Total exhaustion does not even begin to cover how you feel for the first 6 weeks after a c-section. Not only are you tired from having a baby that does not sleep at night, but you are exhausted because your body is working overtime to try and heal itself. Eric and I would go for a walk around the block and it was all I could do not to lay down halfway through. Poor Eric. I don't think he had ever walked that slow in all of his life. My friend, who can push babies out like it's no big deal, called me 2 weeks after I had Easton and asked if I wanted to go walk around the fishing lake. I just laughed. I told her that going around the block almost killed me let alone going around a lake!

8.) I don't think my lungs are working.
I don't know what it is, but for the first few weeks it feels like you can't get enough air in your lungs no matter how hard you try. Going up a small flight of stairs would leave me out of breath like an obese 80 year old.

9.) That's not funny.
If you know someone who has just had a c-section, do not, I repeat, DO NOT make them laugh. It hurts, it hurts bad. So does coughing, sneezing, breathing, talking, moving, getting kicked by your tiny baby, and getting jumped on by one of your stupid dogs.
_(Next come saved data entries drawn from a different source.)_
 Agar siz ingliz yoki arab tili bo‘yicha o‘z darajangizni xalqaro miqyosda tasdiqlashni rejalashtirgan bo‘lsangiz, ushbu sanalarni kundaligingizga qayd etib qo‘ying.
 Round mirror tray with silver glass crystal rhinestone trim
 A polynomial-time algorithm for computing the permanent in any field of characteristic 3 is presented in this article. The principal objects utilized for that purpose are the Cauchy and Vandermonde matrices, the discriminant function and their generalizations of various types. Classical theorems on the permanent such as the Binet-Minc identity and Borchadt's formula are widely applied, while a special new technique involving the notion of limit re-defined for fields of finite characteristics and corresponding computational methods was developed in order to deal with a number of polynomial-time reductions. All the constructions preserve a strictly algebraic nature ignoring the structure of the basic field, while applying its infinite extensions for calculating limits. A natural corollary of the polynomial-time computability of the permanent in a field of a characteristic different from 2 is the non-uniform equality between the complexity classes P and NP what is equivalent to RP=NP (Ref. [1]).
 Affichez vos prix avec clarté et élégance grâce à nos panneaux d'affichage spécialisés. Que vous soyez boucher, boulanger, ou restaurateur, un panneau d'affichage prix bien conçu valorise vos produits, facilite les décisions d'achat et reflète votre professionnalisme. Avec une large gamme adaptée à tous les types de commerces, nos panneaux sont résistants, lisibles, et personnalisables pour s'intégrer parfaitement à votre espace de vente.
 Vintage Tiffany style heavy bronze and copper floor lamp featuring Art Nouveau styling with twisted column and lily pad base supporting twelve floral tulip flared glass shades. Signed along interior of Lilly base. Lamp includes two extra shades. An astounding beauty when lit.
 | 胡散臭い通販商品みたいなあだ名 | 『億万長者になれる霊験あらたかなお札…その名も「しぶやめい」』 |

10.) Ummmm, this is not normal, is it?
My baby is about 3 1/2 months old and I can still feel the stitches underneath my scar. They staple your skin shut but they stitch up your uterus. They pull the staples out before you leave but the stitches have to disolve on their own. I have one that feels like it is going to poke through my skin at any given moment. It is pretty strange. I have been told that they will eventually go away. Who knows?

So there you have it, 10 lovely things they don't bother telling you about a c-section. At least next time I will know a few little tricks to help make it a little easier on myself! Oh and the next person to tell me that at least having my next baby will be so much easier because I won't have to go through labor, I may or may not punch them.